Materials and Methods
Sample Collection and DNA Isolation
Total DNA was collected from saliva samples provided by two anonymous healthy adult donors following the approved protocol of the Battelle Memorial Institute Internal Review Board. DNA was purified from saliva employing the Oragene-DNA isolation kit (DNA Genoteck, Kanata, ON, Canada), following the manufacturer’s recommended protocol.
Next Generation Sequencing and Filtering
DNA samples for metagenomics were prepared for 150 bp and 100 bp single-end sequencing using the Illumina GAIIx and HiSeq 2000 instrument (Illumina, San Diego, CA), respectively. Numerically coded aliquots of approximately 0.5–1 µg DNA per sample were used to create sequencing libraries. First, genomic DNA was fragmented using a Covaris™ S220 Sonicator (Covaris, Inc., Woburn, MA) to approximately 300 base pairs (bp). Fragmented DNA was used to synthesize indexed sequencing libraries using the TruSeq DNA Sample Prep Kit V2 (Illumina, Inc., San Diego, CA), according to manufacturer’s recommended protocol. Cluster generation was performed on the cBOT using the TruSeq PE Cluster Kit v3 – cBot – HS (Illumina). Libraries were sequenced with an Illumina HiSeq 2000 at Nationwide Children’s Hospital (NCH) Biomedical Genomics Core (Columbus, Ohio) using the TruSeq SBS Kit v3 reagents (Illumina) for paired end sequencing with read lengths of 100 base pairs (bps) (200 cycles) and at CosmosID with an Illumina GAIIx for 150 base pairs (bps) single read using the TruSeq SBS Kit v5 reagents (Illumina). Primary analysis (image analysis and basecalling) were performed using HiSeq Control Software (HCS) version 1.5.15.1 and Real Time Analysis (RTA) version 1.13.48. Secondary Analysis (demultiplexing) was performed using Illumina CASAVA Software v1.6 Post processing of GAIIx reads was performed with RTA/SCS v1.9.35.0 and CASAVA 1.8.0 software. High throughput sequencing reads were quality filtered using the fastq_quality_filter program provided with the FASTX-Toolkit (http://hannonlab.cshl.edu/fastx_toolkit/index.html) (v. 0.0.13). Only those reads with a quality score ≥17 for at least 80% of the read length (i.e., probability of correct base call ∼98%) were retained. Ion Torrent (Life Technologies, NY) sequencing was also performed using amplicons specific to the V4 region of the 16S rRNA gene. Sequence reads are available under NCBI BioProject ID PRJNA231652.
BLASTn Analysis
Sequence data were compared to the NCBI RefSeq database (v. May 19, 2012), but restricted to microbial gis, the NCBI 16S database (v. October 30, 2012), using BLASTn [47] (top hit only) (v. 2.2.25, National Library of Medicine, Bethesda, MD). Table 1 provides details of analyses carried out for each sample with data bases used. Resulting BLASTn hits were filtered to retain only those hits with percent identity ≥97%. An additional filter was applied to the BLASTn hit report to reduce false positives (i.e., reads whose corresponding taxonomic identifier (taxid) appeared ≤0.01% (1∶1000)). This was accomplished using a custom script. The Krona (v. 2.2) [56] program, ClassifyBLAST.pl, was also used within a custom script, to obtain a list of organisms identified with read counts associated with each taxon. Krona ImportBLAST.pl program was used to provide interactive visualization of identified bacterial species.

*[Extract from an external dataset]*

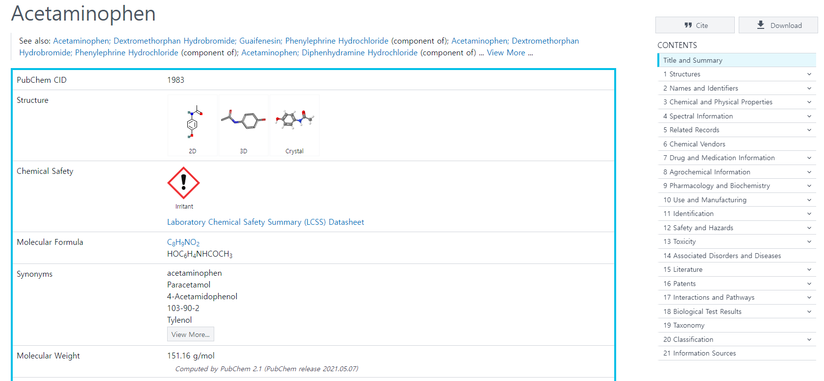 약물 분석할때도 분자 구조식을 확인할 때도 사용하는 사이트가 pubchem입니다.

Table 1. Multi-platform BLASTn analysis of two salivary samples against various databases.
Sample | Sequencing Platform | ||
Illumina HiSeq 2000 | Illumina GAIIx | Ion Torrent (16S, V4) | |
Reference Database used with BLASTn | |||
VFD10-018 | Greengenes 16s1 | Greengenes 16s4 | Greengenes 16s3 |
NCBI 16s | NCBI 16s4 | NCBI 16s3 | |
NCBI RefSeq (microbial subset)1 | NCBI RefSeq (microbial subset)4 | NCBI RefSeq (microbial subset)3 | |
VFD12-006 | Greengenes 16s1 | Greengenes 16s2 | Greengenes 16s3 |
NCBI 16s1 | NCBI 16s2 | NCBI 16s3 | |
NCBI RefSeq (microbial subset)1 | NCBI RefSeq (microbial subset)2 | NCBI RefSeq (microbial subset)3 |
1Illumina HiSeq2000 sequencing carried out at Nationwide Children’s Hospital, Columbus, OH.
2Illumina GAIIx sequencing carried out at CosmosID.
3Ion Torrent sequencing performed by SeqWright, Inc., Houston, TX.
Illumina GAIIx sequencing performed at The Ohio State University, Columbus, OH.
GENIUS Analysis
Raw unassembled WGS short reads generated by the Illumina GAIIx and HiSeq 2000 platforms were analyzed using GENIUS software package for rapid identification of bacterial species and relative abundance. GENIUS creates sample libraries from unassembled short WGS reads using two algorithms, 5VCE and NmerCE, and utilizes GeneBook® reference libraries derived from curated genomic databases to assign taxonomic membership of sample libraries, employing probabilistic matching. Identification is achieved at species, sub-species, and/or strain level, depending on adequate representation of relevant reference genomes in the GeneBook® libraries
In silico Metagenome Construction
A synthetic metagenome was created comprising a total of 5.5 M reads from ten bacterial species and the human genome (Table 2). The reads, each 100 nucleotides in length, were created using a custom R script from each of the ten bacterial genome and the human chromosome 21 using Illumina sequencing error model.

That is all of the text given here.